- Education: Cornell University
- Occupations: Computer scientist Marriage and family therapist
- Known for: ACM Fellow
- Spouse: Jack Owicki
- Children: Two

= Susan Owicki =

American computer scientist

Susan Owicki is a computer scientist, Association for Computing Machinery (ACM) Fellow, and one of the founding members of the Systers mailing list for women in computing. She changed careers in the early 2000s and became a licensed marriage and family therapist.

==Early life and education==
Owicki received her PhD in computer science from Cornell University in 1975. Her advisor was David Gries. In her thesis, she invented Interference freedom, a method for proving concurrent programs correct, which is basis for much of the ensuing work on developing concurrent programs with shared variables and proving them correct. Two papers resulted directly from her thesis:

She was a faculty member at Stanford University for the Electrical Engineering and Computer Science Departments for 10 years. Her research interests include distributed systems, performance analysis, and trusted systems for electronic commerce and she published numerous articles and patents on her research.

In 1994 Owicki was recognized as an ACM Fellow for her dissertation work An Axiomatic Proof Technique for Parallel Programs I.

==Career==
After Stanford, Susan Owicki was employed by Digital Equipment Corporation (DEC).

She later worked at the Strategic Technologies and Architectural Research Laboratory (STAR lab) where she held a role as Associate Director. STAR lab was the first laboratory devoted to research in digital rights management and related electronic commerce technologies.

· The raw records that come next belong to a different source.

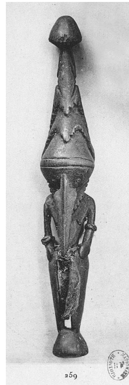
49 Statuette de Nouvelle-Guinée, Collection Walter Bondy. Céramique Chinoise, Han, Tang, Song, Yuen, Ming, Kanghi, Kienlong, et alli., s.n., cat. de vente, Paris, Hôtel Drouot, 1928, planche XII, fig. 259

pas la date d'acquisition de « l'oiseau-totem », mais celui-ci apparaît dans la vente que fit Walter Bondy d'une très grande partie de sa collection, du 9 au 11 mai 1928, à l'Hôtel Drouot 10 . Sur près de 500 lots issus de l'Asie, de l'Afrique et de l'Amérique, 68 proviennent d'Océanie dont 39 de Nouvelle-Guinée. Au cours de cet événement, les premiers records de prix sont atteints pour l'art océanien avec, notamment, une tête humaine de l'île de Pâques adjugée 15 000 francs hors frais, et une statue Ouli [Uli] de Nouveau Mecklembourg [Nouvelle-Irlande] qui atteint la somme de 18 000 francs 11 . Reproduite au catalogue (fig. 49), la création du Sepik
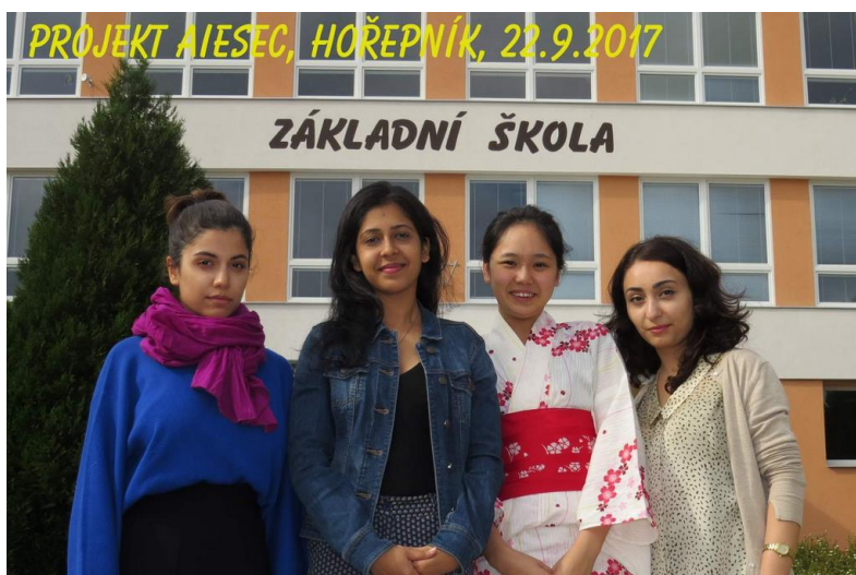
Zahraniční studentky, které byly na škole v Želivě.
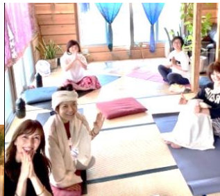
まヨガの教室 を良と教
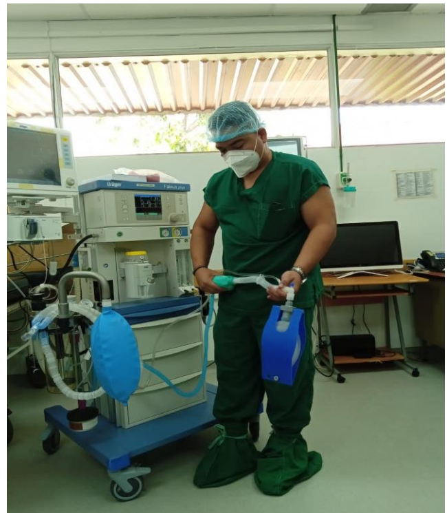
MÁQUINA DE ANESTESIA
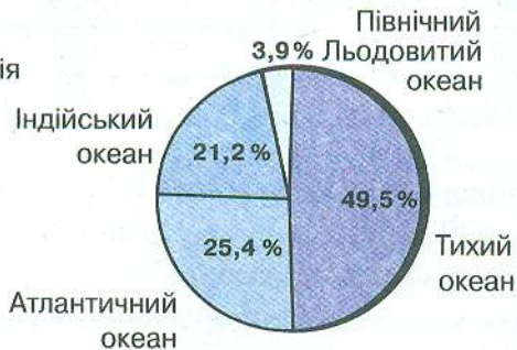
Мал. 1. Співвідношення й розподіл площ суходолу та Світового океану
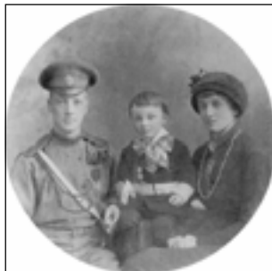
Анна Ахматова и Николай Гумилев с сыном Львом. 1915

В июне 1965 года Ахматова впервые вырвалась из-за «железного занавеса» на Запад, в Оксфорд, для участия в торжественной церемонии присуждения ей звания доктора honoris causa . Кто-то из русских эмигрантов пересказал ей статьи Маковского о Гумилеве, пересказал, очевидно, неточно и со смещением акцентов. Это огорчило Ахматову. «Ее ранило, что ее жизнь, как и жизнь Гумилева, была описана неверно и дурно, и она чувствовала, что это делает бессмыслицей их творчество . Для нее было особенно странным обнаружить в Америке людей, многие из которых не были в России
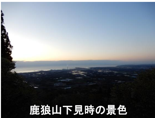
鹿狼山下見時の景色
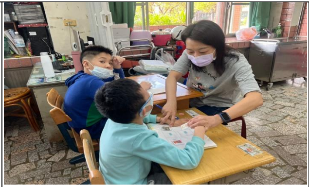
複習學期課堂所學，加深學生學習印象。

She spent four years as an independent consultant doing work in the performance of interactive television and delivery of streaming video.

==Personal life==
Owicki is married to Jack Owicki and has two children.

==Publications==
Owicki's publications include
- Susan Owicki; David Gries (1976). "An Axiomatic Proof Technique for Parallel Programs I" (winner of the 1977 ACM Programming Systems and Languages Paper Award.)
- Forest Baskett; James H. Clark; John L. Hennessy; Susan Owicki; Brian Reid. "Research in VLSI Systems Design and Architecture". Stanford University. 1981.
- Susan S Owicki; Leslie Lamport. "Proving Liveness Properties of Concurrent Programs". ACM TOPLAS. (4:3): 455-495.
- Amy L. Lansky and Susan S. Owicki, "GEM: A Tool for Concurrency Specification and Verification,", in Proceedings of the Second Annual ACM Symposium on Principles of Distributed Computing, ACM, Montreal, Quebec, Canada, 1983.
- Thomas E. Anderson; Susan S. Owicki; James B. Saxe; Charles P. Thacker (1993). "High-speed Switch Scheduling for Local-Area Networks". ACM TOCS. (11:4): 319-352.

A more complete list of publications is available online.

==Patents==
Owicki's patents include
- ' - Fault tolerant distributed garbage collection system and method for collecting network objects
- ' - Systems and methods for watermarking software and other media

==Marriage and family therapist==
Owicki is also a licensed marriage and family therapist. She maintains a private practice and is on the staff of the Stanford University faculty and staff help center.